Again, with the heteronormative bullshit.
None of that matters. It isn’t the opinions of others that define if I’ve “changed” or not. Because the truth is it will never be enough for some people. I will never be enough for them… And neither will you.
That truth? I don’t need to be enough for them.
I just need to be enough for me.
This is why I say, “I’m not changing”. These last four years have been act of discovery, an act of rendering myself into existence, of chipping away at the block of pale marble to reveal the form within. I’m not the one who’s changing… You are. I’ve always been this, regardless of if I knew it consciously or not, regardless of if I told anyone or not. This is the truth of me from the moment I was born.
You are the one who has to change, not me.
You are the one who has to say that despite your eyes the earth is not flat, that a woman can look how I look, sound how I sound, live how I live. Despite what you’ve be told, what falsehoods you’ve been raised on, you can change.
Because I can’t change this. My god, don’t you think I tried?
I spent forty years wishing this wasn’t so. Decades spent pretending, mercilessly bullying this body into being something it wasn’t, supplicating myself to the heteronormative bullshit. These last four years have been punctuated with heartbreak and pain, with shame and fear, but they haven’t been harder than the combined weight of the decades before.
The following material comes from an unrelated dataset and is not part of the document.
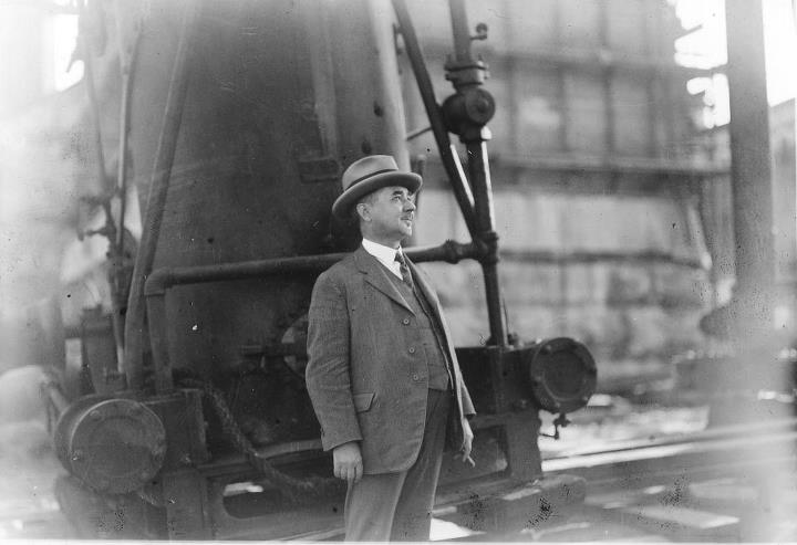 Oscar Dufresne between 1925 and 1930, on the construction site of the Jacques Cartier Bridge in Montreal, an important contract for his brother Marius.

So, happy four years HRT-iversay to me.
This date is more important to me than my birthday. It’s the day I stopped denying that which already existed. It’s the day I stopped pretending. It’s the day I started asking the world to change around me and I am grateful for how much it has.
–S
I wish more cisgender peeps would just sit down and shut up and listen to trans experiences and narratives.
(Signed, a cis woman)
I love this reframing of "change". Others are the only ones seeing a change - the person inhabiting the body is the one who has always felt that way in the first place. ♥️
i fucking love this writing. Fierce, powerful, vulnerable. So excited to have stumbled on your substack.